Я смотрел на нее и вспоминал наши свидания и как я ее обнимал, как хорошо было с ней целоваться, если, конечно, я не расшибал ей губу, а то ведь еще бывало, что я совсем промахивался и вместо губ целовал ее в нос… И еще я вспомнил тот раз, в комнате, чуть освещенной голубым экраном онемевшего телевизора, ее кожу под своей рукой, прикосновение ее губ и жаркий, головокружительный запах.
И я ни на секунду не забывал, что обещал этой девушке забрать ее отсюда, и пусть она была тогда совершенно уверена, что этого никогда не будет, что я строю воздушные замки, я-то ей вроде как поклялся, дал ей нечто вроде обета, так ведь?
Мне дико хотелось здесь же, сейчас же ее обнять, схватить ее за плечи, посмотреть ей в глаза и сказать: «Поехали со мной, поехали в Лондон, и ты сама увидишь, как я становлюсь знаменитым. Будь моей подружкой или просто другом, только не оставайся здесь, поехали!» Тогда я настолько кипел энтузиазмом, жизнь в целом и мое собственное будущее в частности представлялись мне настолько прекрасными, что все, абсолютно все казалось возможным тогда. Я мог сделать все, чего ни пожелаю, я мог направлять события, мог повелевать миром. Если я хочу, чтобы Джин поехала со мной, я могу сделать так, что она поедет. Все трудности и проблемы сдадутся и рухнут перед блистательной силой моего твердо предрешенного будущего. Так почему бы нет? Кой хрен я ее не зову?
Я чуть задумался. А и действительно – почему? Мы нравились друг другу, а может, даже любили друг друга, к тому же мы были почти любовниками или почти-почти любовниками. Нас развела исключительно моя ни в какие ворота не лезущая неуклюжесть, но ведь за последнее время я сделал колоссальные успехи. И заикаюсь гораздо меньше, и ног оттаптываю меньше, и стаканов меньше проливаю – ну да, конечно, пару минут назад я расплескал немного из ее стакана, но это сущая ерунда, если сравнить с тем, что бывало раньше, а главное, ведь что я теперь ни сделаю, я не теряю голову от смущения, теперь я ни за что не уехал бы, не повидав ее, не попрощавшись. Так почему бы мне не загладить окончательно тот случай, когда я уехал, не навестив ее в больнице? Почему не сделать так, чтобы мне никогда с ней больше не прощаться? Почему?

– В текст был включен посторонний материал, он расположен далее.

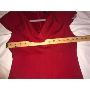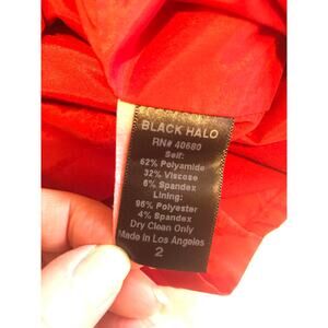 Black Halo Gretchen Pebble Crepe Dress in red. Dress 99% poly, 1% spandex. Lining: 95% poly, 5% spandex. Fully lined. Dry clean only. Draped neckline. Cap sleeves. Center back zipper closure. Made in Los Angeles. Very fitted.
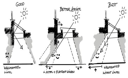 Le saviez-vous ? Les fenêtres à raccord murales (fenêtres inclinées contre un bâtiment principal) ne sont d'aucune utilité tant que l'on laisse le mur derrière ou le linteau. Ce linteau ou ce mur bloque la lumière du jour que l'on pourrait vouloir utiliser pour pénétrer dans l'espace plus sombre situé derrière le linteau. Les fenêtres à raccord murales ne sont donc d'aucune utilité si l'on n'enlève pas le linteau. Elles coûtent plus cher, impliquent plus de risques de placement (en raison de la planéité du raccord mural qui n'est pas toujours assurée).

Думая так, я ощущал где-то внизу живота напряженную, чуть пугающую, но необыкновенно приятную, почти сексуальную дрожь. Нечто подобное случалось со мной при игре в шахматы, когда я готовил противнику ловушку или вдруг замечал блестящий выигрышный ход, а очередь ходить была не моя, и я изо всех сил себя сдерживал, старался не потеть и не дрожать и самым настоящим образом молился, чтобы он, противник, не заметил нависшую над ним опасность. А еще так бывало на уроках, когда я знал что-то такое, чего не знали остальные, и я набирался храбрости, чтобы поднять руку…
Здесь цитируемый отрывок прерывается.